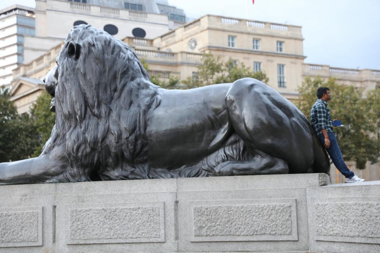 トラファルガー広場の中心にあるネルソン提督記念柱は、1805年のトラファルガーでの、ナポレオン率いるフランス軍との戦いに勝利した記念として建てられた。その台座の大きなレリーフには、彼が活躍した4つの海戦が描かれており、これはフランス軍の大砲を熔かして造られたそうだ。その四方を囲むライオン像は絵葉書などでもお馴染みである。
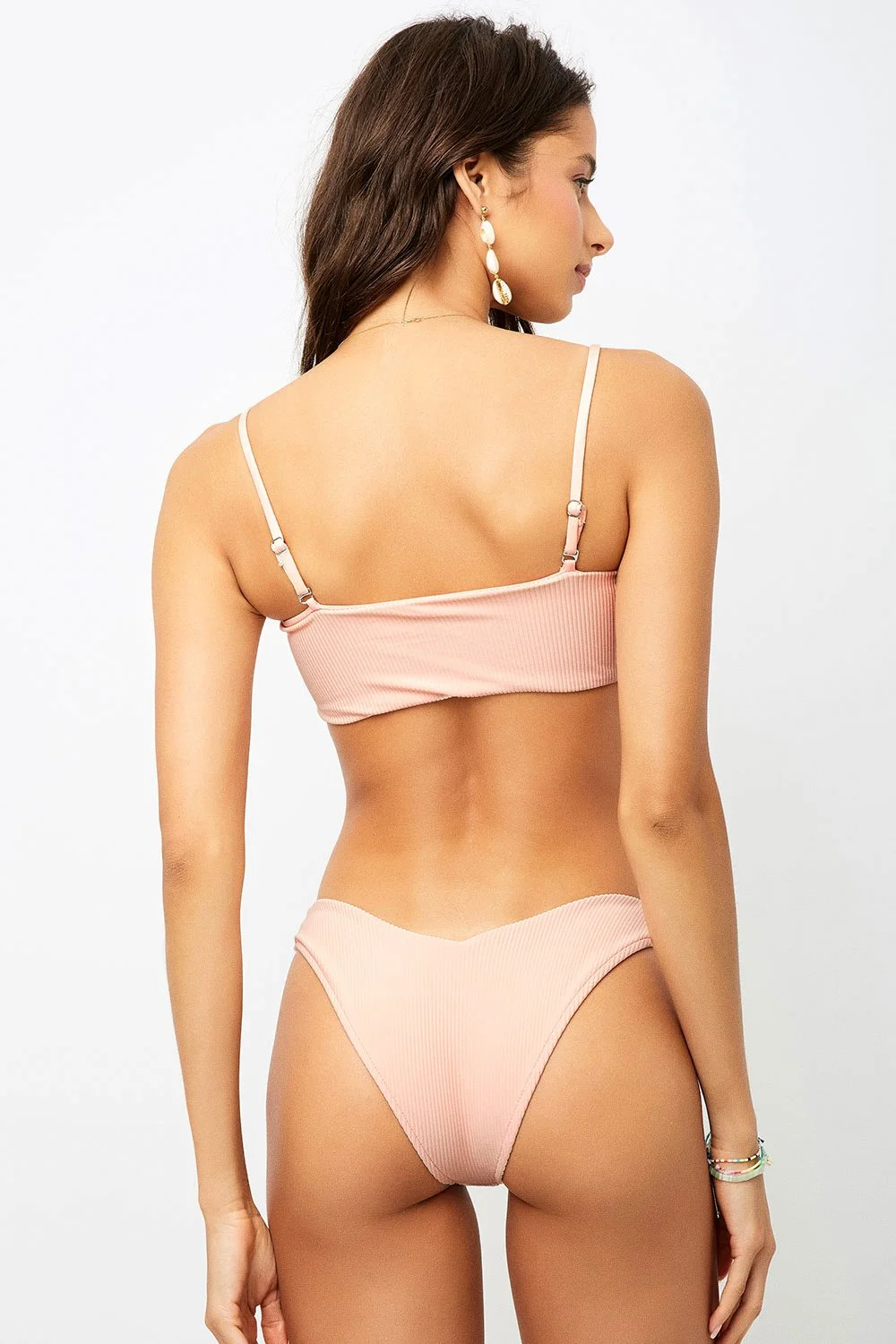 The Enzo bottom from Frankie’s Bikinis has a V-shape and high leg cut in a ribbed fabric.
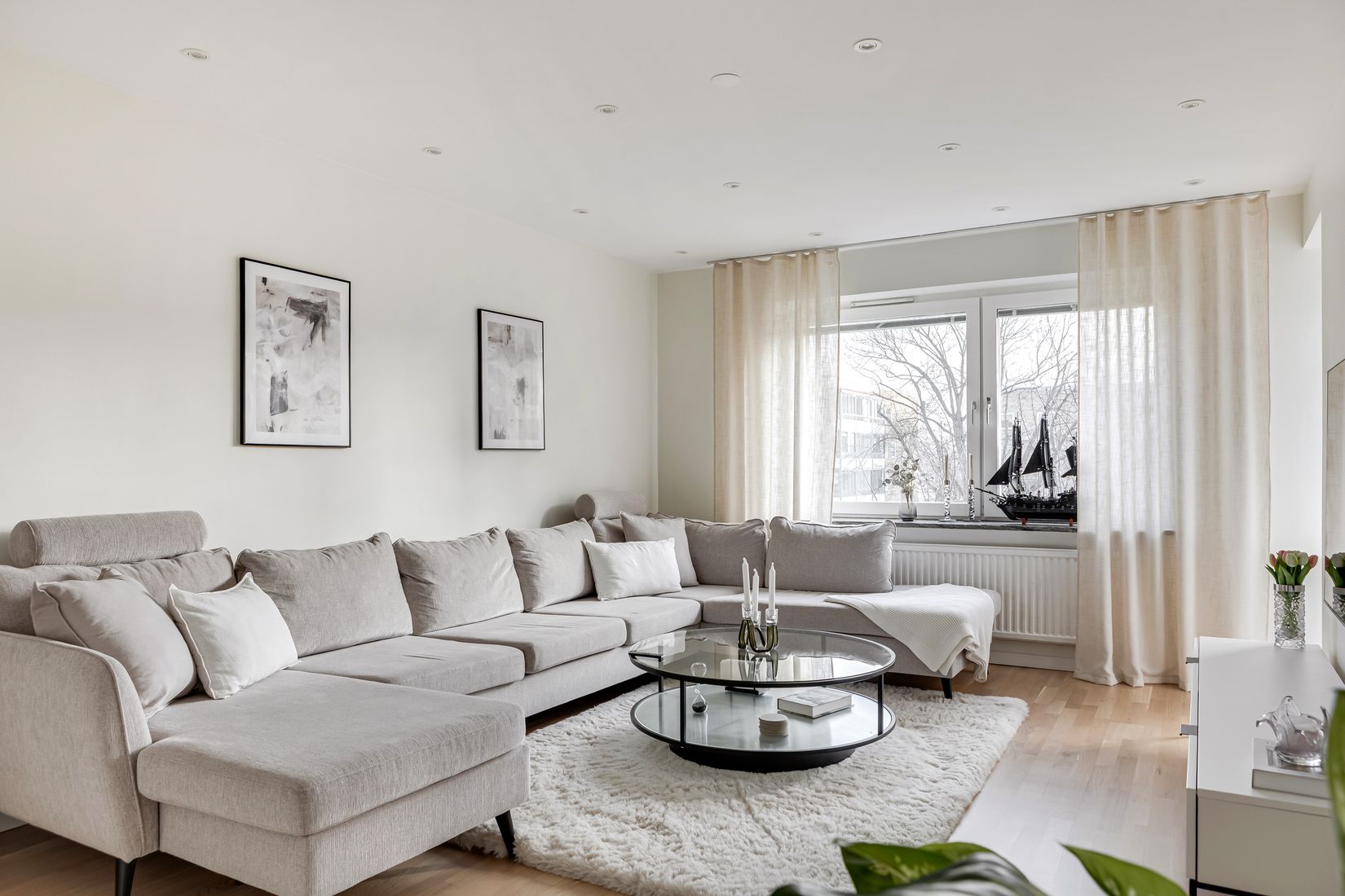 Från det ljusa vardagsrummet når du den inglasade balkongen som fungerar som ett extra rum stora delar av året – en perfekt plats för avkoppling och sociala stunder.
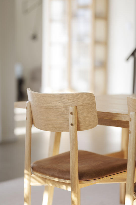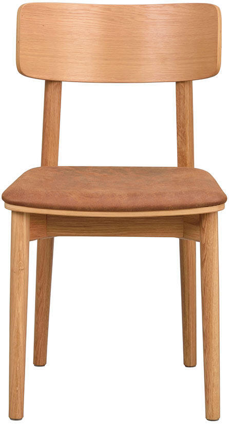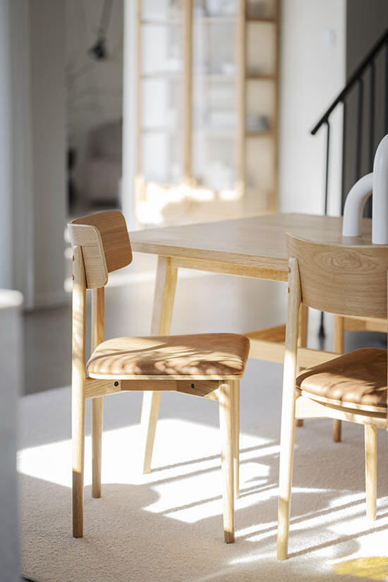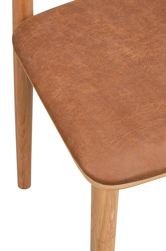 Stolen Wolcott i ek med sits av brun lädertextil har en modern design där raka linjer möter mjuka runda former och ger stolen en harmonisk balans. Den naturliga träkänslan i stolen skapar en varm och inbjudande atmosfär i hemmet. Wolcott är FSC®-certifierad och sitsen består av en blandning mellan återvunnet läder och textil, vilket bidrar till en mer hållbar och miljövänlig inredning. För den som önskar en ljusare stil finns Wolcott även i vitpigmenterad ek.
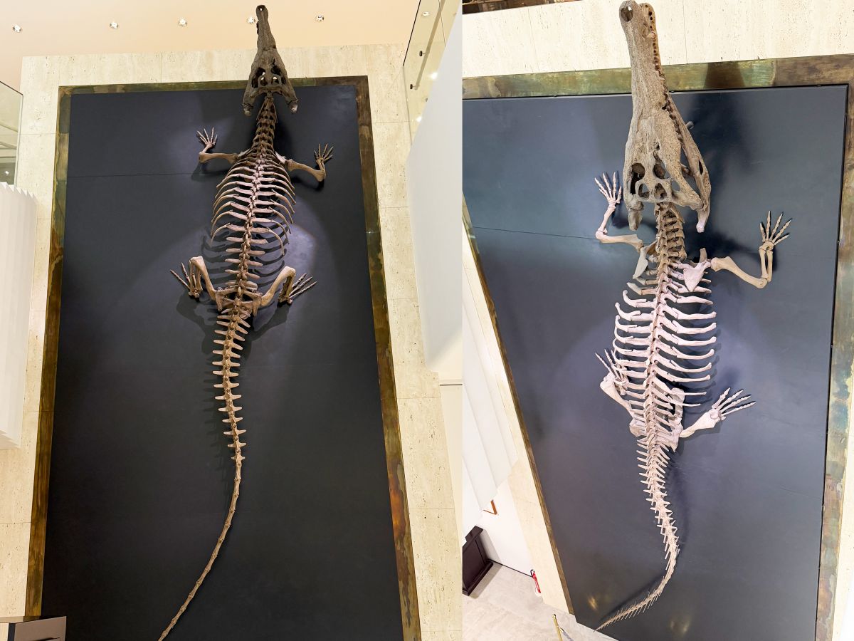 壁に飾られた「マチカネワニ」の化石のレプリカは、なんと大きさ約8メートル! オリジナルの標本は大阪大学総合学術博物館に収蔵されていて、国登録記念物にもなっています。1階から見上げた印象と、2階から見下ろす印象が異なるので、ぜひ見比べてみてください。
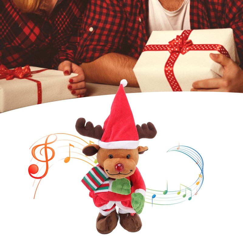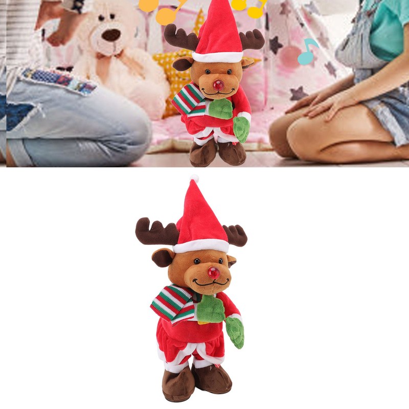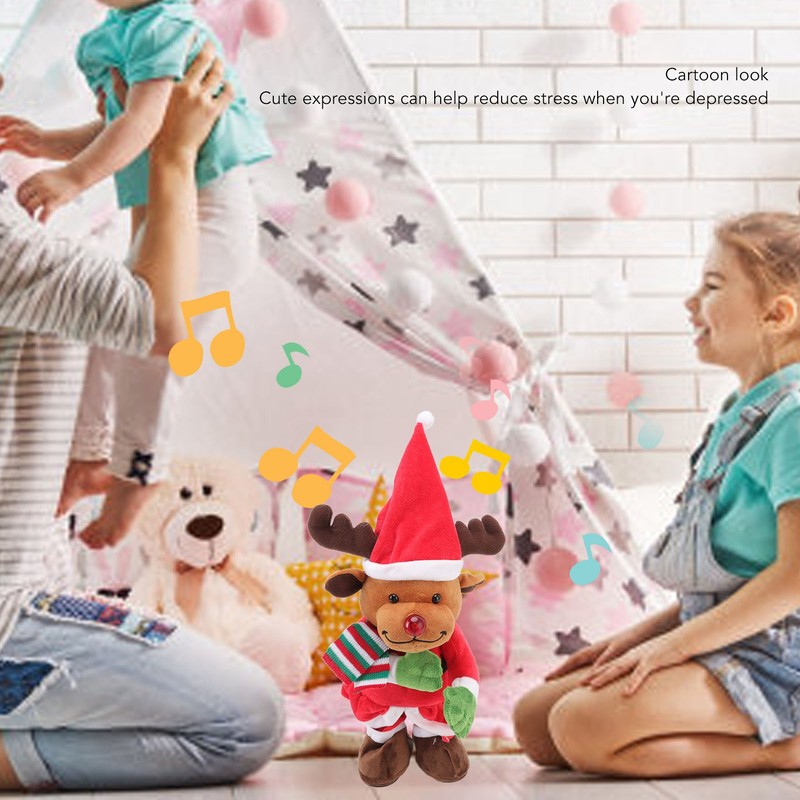 Electric Music Xmas Toy Doll Dancing Singing Glowing Swinging Plush Toy for Kids Adults Xmas Elk
===
ACTIVITY. Repeat the material verbatim. Do not carry over any picture.

TASK OUTPUT.
 トラファルガー広場の中心にあるネルソン提督記念柱は、1805年のトラファルガーでの、ナポレオン率いるフランス軍との戦いに勝利した記念として建てられた。その台座の大きなレリーフには、彼が活躍した4つの海戦が描かれており、これはフランス軍の大砲を熔かして造られたそうだ。その四方を囲むライオン像は絵葉書などでもお馴染みである。
 The Enzo bottom from Frankie’s Bikinis has a V-shape and high leg cut in a ribbed fabric.
 Från det ljusa vardagsrummet når du den inglasade balkongen som fungerar som ett extra rum stora delar av året – en perfekt plats för avkoppling och sociala stunder.
 Stolen Wolcott i ek med sits av brun lädertextil har en modern design där raka linjer möter mjuka runda former och ger stolen en harmonisk balans. Den naturliga träkänslan i stolen skapar en varm och inbjudande atmosfär i hemmet. Wolcott är FSC®-certifierad och sitsen består av en blandning mellan återvunnet läder och textil, vilket bidrar till en mer hållbar och miljövänlig inredning. För den som önskar en ljusare stil finns Wolcott även i vitpigmenterad ek.
 壁に飾られた「マチカネワニ」の化石のレプリカは、なんと大きさ約8メートル! オリジナルの標本は大阪大学総合学術博物館に収蔵されていて、国登録記念物にもなっています。1階から見上げた印象と、2階から見下ろす印象が異なるので、ぜひ見比べてみてください。
 Electric Music Xmas Toy Doll Dancing Singing Glowing Swinging Plush Toy for Kids Adults Xmas Elk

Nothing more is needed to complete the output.